Mercy_First_SPR11_LrgWEB_2Comprehensive Care for Every Type of Patient

Today’s joint replacement patients are as different as the injuries that bring them to seek treatment, but all have the same goal; to get back to a healthy lifestyle. But all that has changed. There are nearly 800,000 hip and knee replacement surgeries in the United States each year, according to the American Academy of Orthopaedic Surgeons. Now, thanks to advances in technology and surgical techniques an increasing number of patients are people in their 30s, 40s and 50s.

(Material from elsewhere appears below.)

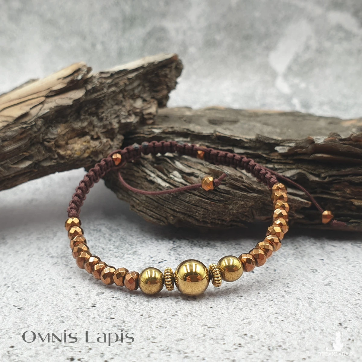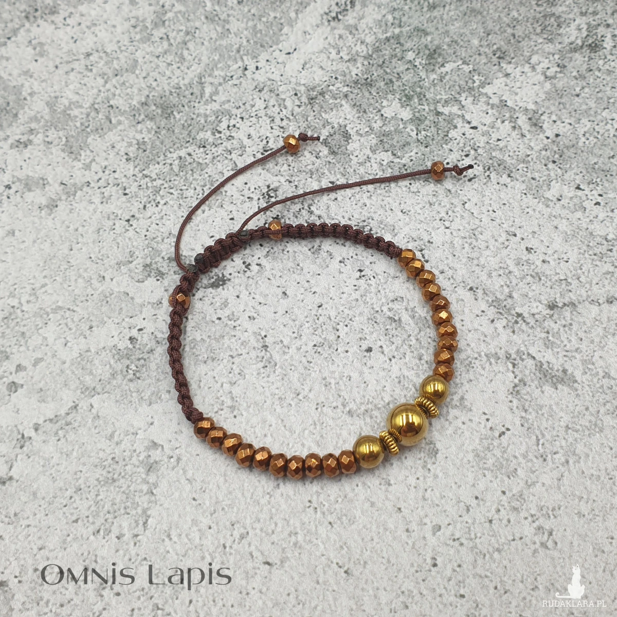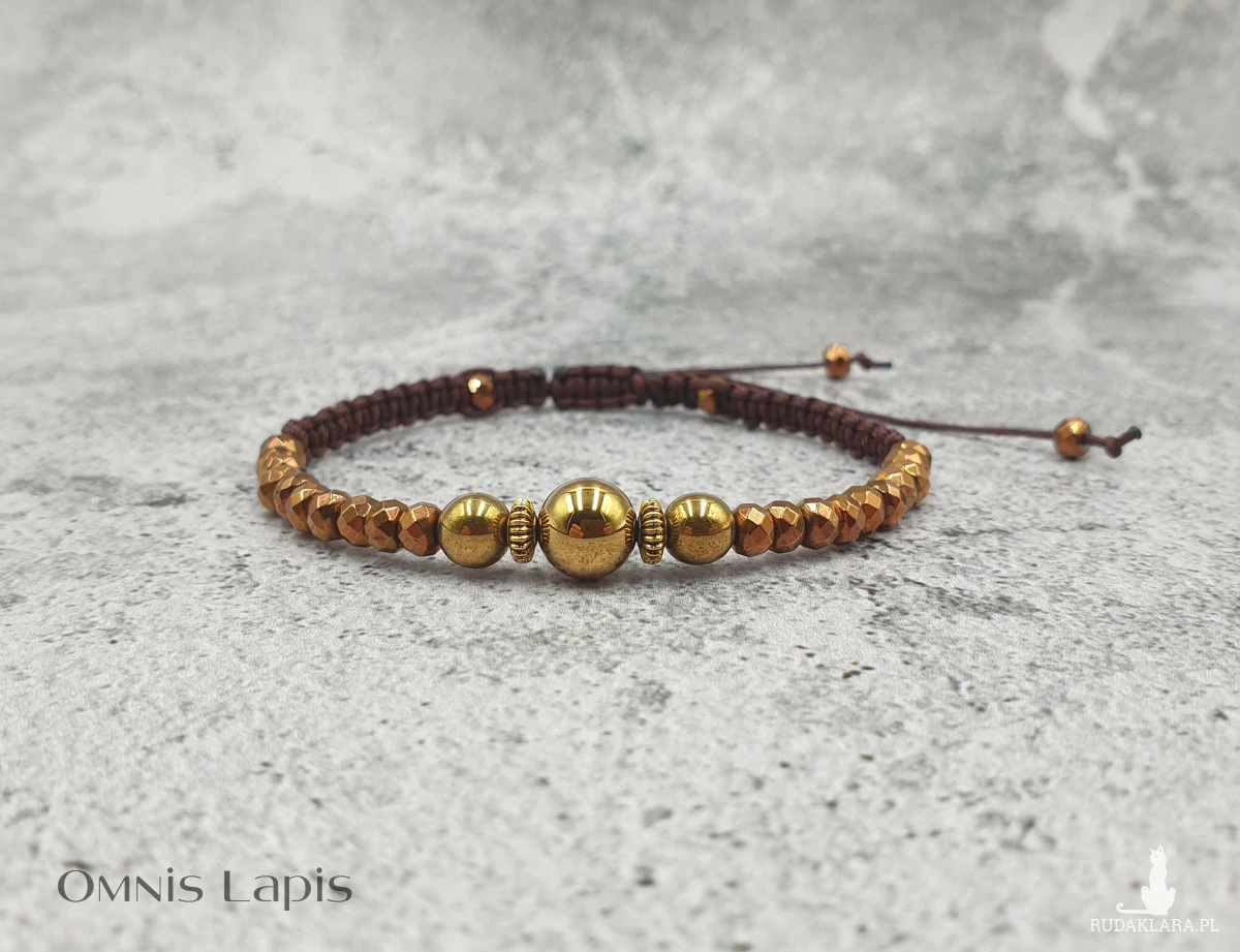 Bransoletka w kolorze brązu i złota, ozdobiona fasetowanymi oponkami i kulami hematytu. Hematyty przedzielone stalowymi przekładkami. Bransoletka wykonana w technice makramy, na mocnym, nylonowym sznurku.

At Mercy’s Comprehensive Orthopedic Center, highly skilled orthopedic surgeons perform hip, knee and shoulder joint replacements for people of all ages, while a multidisciplinary team of rehabilitation specialists provides personalized, compassionate support from before surgery through recovery. "It's the full continuum of care," says Subhash Shah, MD, chief of Physical Medicine and Rehabilitation. "We all work very closely together to ensure the patient has a very positive experience and fast recovery."

About joint replacement
The joint is where two bones come together. Cartilage is the rubbery tissue that covers the end of bones where they meet at a joint. It helps bones glide smoothly over each other at the joint. Osteoarthritis, rheumatoid arthritis, injuries or just years of use can cause the cartilage in a joint to wear away, and that can lead to pain, stiffness and swelling in the joint.

Joint replacement surgery is recommended for people if joint pain has become so bad it interferes with everyday life, and if other treatment options, such as pain medication and physical therapy, have failed. In joint replacement surgery, surgeons remove the old joint and replace it with a prosthesis, an artificial joint. The most common joint replacement surgeries are hip and knee. Mercy’s orthopedic surgeons offer both less-invasive and traditional hip and knee joint replacement. Shoulder joint replacement is much less common, and Mercy is one of a few area hospitals to offer the surgery.

It used to be that joint replacement was not recommended for younger patients because the prosthesis would wear out and another surgery to replace the joint would eventually be required. Now that artificial joints are more durable and longer lasting, however, joint replacement is a viable treatment option for people of all ages.

The Mercy experience
If you and your physician decide it’s time for joint replacement surgery, Mercy’s orthopedic and rehabilitation specialists will work with you to ensure as smooth an experience as possible - beginning even before surgery. Twice a month, rehabilitation therapists and nurses conduct a free educational session at the hospital to help patients and caregivers understand what to expect before, during and after joint replacement surgery.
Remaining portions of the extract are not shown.